**Data in this exercise**
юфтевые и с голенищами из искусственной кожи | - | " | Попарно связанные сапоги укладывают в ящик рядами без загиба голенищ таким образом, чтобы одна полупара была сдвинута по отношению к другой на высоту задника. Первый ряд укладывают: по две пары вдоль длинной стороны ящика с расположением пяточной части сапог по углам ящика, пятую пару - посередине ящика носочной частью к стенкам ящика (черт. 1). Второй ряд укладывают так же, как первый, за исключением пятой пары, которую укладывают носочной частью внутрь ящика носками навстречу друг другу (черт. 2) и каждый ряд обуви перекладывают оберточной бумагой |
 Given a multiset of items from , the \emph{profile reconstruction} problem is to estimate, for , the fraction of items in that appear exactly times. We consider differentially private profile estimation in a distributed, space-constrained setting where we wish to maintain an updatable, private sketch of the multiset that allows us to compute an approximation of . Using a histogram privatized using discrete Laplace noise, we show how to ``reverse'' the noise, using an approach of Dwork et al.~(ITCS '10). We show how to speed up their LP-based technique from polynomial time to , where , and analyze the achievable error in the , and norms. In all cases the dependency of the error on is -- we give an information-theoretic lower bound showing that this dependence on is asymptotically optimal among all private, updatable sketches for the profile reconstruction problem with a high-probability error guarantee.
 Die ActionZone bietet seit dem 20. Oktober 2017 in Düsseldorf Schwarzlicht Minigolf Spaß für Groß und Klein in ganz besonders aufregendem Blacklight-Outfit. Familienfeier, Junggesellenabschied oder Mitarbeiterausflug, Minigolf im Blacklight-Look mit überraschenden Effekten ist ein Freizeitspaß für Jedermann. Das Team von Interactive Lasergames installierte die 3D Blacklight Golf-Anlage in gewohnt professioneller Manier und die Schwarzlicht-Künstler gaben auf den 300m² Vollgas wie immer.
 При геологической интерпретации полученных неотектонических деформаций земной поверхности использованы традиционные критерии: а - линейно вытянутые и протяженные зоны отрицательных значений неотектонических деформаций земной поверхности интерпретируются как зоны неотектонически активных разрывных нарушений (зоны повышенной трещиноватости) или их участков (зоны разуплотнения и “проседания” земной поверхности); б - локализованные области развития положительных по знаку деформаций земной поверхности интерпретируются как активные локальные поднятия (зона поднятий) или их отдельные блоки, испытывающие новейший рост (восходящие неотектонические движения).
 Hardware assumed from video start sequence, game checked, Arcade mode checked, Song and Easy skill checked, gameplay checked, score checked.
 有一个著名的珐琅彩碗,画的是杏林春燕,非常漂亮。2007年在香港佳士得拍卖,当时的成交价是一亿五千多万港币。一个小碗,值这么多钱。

**Exercise prompt**
Precisely the lines between those holding "Given a multiset" and "Die ActionZone bietet", inclusive, are to be reproduced from the listing above, with nothing added.

**Exercise result**
 Given a multiset of items from , the \emph{profile reconstruction} problem is to estimate, for , the fraction of items in that appear exactly times. We consider differentially private profile estimation in a distributed, space-constrained setting where we wish to maintain an updatable, private sketch of the multiset that allows us to compute an approximation of . Using a histogram privatized using discrete Laplace noise, we show how to ``reverse'' the noise, using an approach of Dwork et al.~(ITCS '10). We show how to speed up their LP-based technique from polynomial time to , where , and analyze the achievable error in the , and norms. In all cases the dependency of the error on is -- we give an information-theoretic lower bound showing that this dependence on is asymptotically optimal among all private, updatable sketches for the profile reconstruction problem with a high-probability error guarantee.
 Die ActionZone bietet seit dem 20. Oktober 2017 in Düsseldorf Schwarzlicht Minigolf Spaß für Groß und Klein in ganz besonders aufregendem Blacklight-Outfit. Familienfeier, Junggesellenabschied oder Mitarbeiterausflug, Minigolf im Blacklight-Look mit überraschenden Effekten ist ein Freizeitspaß für Jedermann. Das Team von Interactive Lasergames installierte die 3D Blacklight Golf-Anlage in gewohnt professioneller Manier und die Schwarzlicht-Künstler gaben auf den 300m² Vollgas wie immer.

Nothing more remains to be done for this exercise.